Our second project at Metis involved using scikit-learn and regression models in order to analyze a data set of our choosing. I chose to analyze fantasy football performance, of course, as I wanted to improve my chances of slaughtering my fantasy opponents this season. Each pre-season, ESPN puts out projected rankings of how each player will perform. In September of 2016, ESPN released the top 300 player rankings. You can view the top 10 projected players according to ESPN and the top 10 actual fantasy leaders for the 2016 season below:

As we can see, ESPN erroneously predicted Adrian Peterson to be the third highest fantasy scorer, and totally underestimated how well quarterbacks like Aaron Rodgers and Matt Ryan would do. Who were the most under and overestimated players using ESPN’s rankings? Let’s view those below by sorting the residuals:

How much accuracy can you get by just using ESPN’s projected rankings to estimate how many fantasy points a player will score? Well, using RidgeCV with linear regression, normalization, and five fold cross-validation, we obtain a 26.6% adjusted R^2 on the training set and a 15.7% on the testing set. I will use the adjusted R^2 of 15.7% on my testing set as a benchmark as I add more features to the model.

What other features should we add? As you can see from the plot below, position seems to play a huge role. The quarterbacks plotted in blue tend to score more than the average player.

positions

We can add position to our feature matrix by one hot encoding it so that a player being a quarterback will correspond to a “1” in the quarterback column and a 0 in the other columns for running back, wide receiver, etc. What effect did adding position to ESPN’s rankings have on being able to predict player points? It nearly doubled the adjusted R^2 on the testing set from 15.7% to 28.4%!

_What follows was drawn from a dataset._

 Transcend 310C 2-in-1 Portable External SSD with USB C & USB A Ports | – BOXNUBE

Woohoo! Adding our first additional feature worked. As we add more features, we’ll definitely get a higher adjusted R^2 on our test data, right? WRONG. As you’ll see below, I considered many other factors, and none of them raised the adjusted R^2 on our test data. This was most likely due to the small nature of my data set (there were only 277 players on ESPN’s projection list once I removed defenses). Here were some other features that I considered.

Age. You would probably guess that age versus points might be shaped like a downward parabola - rookies and older players would score less points, and there would be some peak age in between. Unfortunately, age versus points scored demonstrated no such pattern, as shown below, and thus didn’t improve our model.

age

Team. Upon first glance, it seemed like what team a player was on might have an effect, as the correlation coefficients for certain teams (such as New Orleans) suggested a favorable effect on points, and teams such as poor San Francisco suggested a negative effect:

Unfortunately, adding team to the feature matrix did not increase my adjusted R^2 on my testing data.

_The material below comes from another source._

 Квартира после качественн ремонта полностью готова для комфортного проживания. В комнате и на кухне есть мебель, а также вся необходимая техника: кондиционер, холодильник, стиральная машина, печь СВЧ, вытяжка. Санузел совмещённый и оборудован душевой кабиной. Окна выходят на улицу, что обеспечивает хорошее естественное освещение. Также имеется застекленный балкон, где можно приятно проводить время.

College. I postulated that perhaps what college a player attended might affect his points. I wasn’t quite sure how to classify colleges so I did it two different ways: in my first analysis, I looked at which college teams historically had won the most championships since 1936. However, I figured that how many championships a college won in the 1970s or 1980s might not really have an effect on how a player was doing today. So alternatively, I considered how many of the top 300 current players according to EPSN were from each college. Top schools measured in each way are located here:

Unfortunately, neither measure of college increased our adjusted R^2 on the testing data.

Depth Chart. This information was a bit harder to come by, as I needed archived depth charts from the previous year. But luckily, someone from the internet had previously compiled this info and posted it on Reddit. Thank you, random internet dude! He carefully listed each team’s depth chart. For example, here were the Seahawks running backs:

depth

Unfortunately, this didn’t help our model either.

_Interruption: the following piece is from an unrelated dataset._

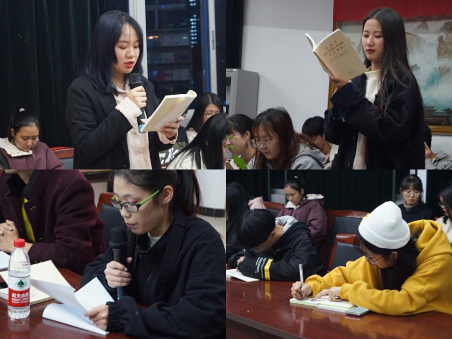 首先,会议上有请到了三位学习会成员对《习近平关于“不忘初心,牢记使命”论述摘编》书籍的精彩片段进行朗读以及读后感分享。第一位营销1902班的叶莹洁同学强调“旗帜决定方向,道路决定命运”。第二位商英1901班的叶婧同学主要从中国共产党的队伍素质角度入手,其强调“当一名共产党员,首先要解决好政治合格问题”。第三位商英1901班的魏静同学则进行了读后感分享,主要讲到:“中国共产党人的初心和使命,就是为中国人民谋幸福,为中华民族谋复兴,这是大时代的主题,是每一位共产党人坚守的信念,更是每一位公民的义务。”

The previous year’s fantasy performance. I found the previous year’s fantasy points here. Unfortunately, ESPN doesn’t archive their data, so I needed to use a different website, but I figured that the point comparisons were similar. This data would obviously not include rookies for the next year, but I still thought it would improve my model significantly. Unfortunately, once again, it didn’t improve our adjusted test R^2.

In summary, by using ESPN’s rankings plus position, we improve upon ESPN’s point predictions by double. In order to improve the model further, I’d like to include injury information and perhaps utilize Twitter to measure how each player is trending.

For this project, I used BeautifulSoup and Pandas’ read_html function to scrape the web. I used scikit-learn to build a pipeline that performed normalization of features, polynomial regression, and cross validation. I also used the package Fuzzy Wuzzy to match names like “Robert Griffin” and “Robert Griffin III” in order to merge my datasets. You can find my GitHub repo for this project here.

Written on July 16, 2017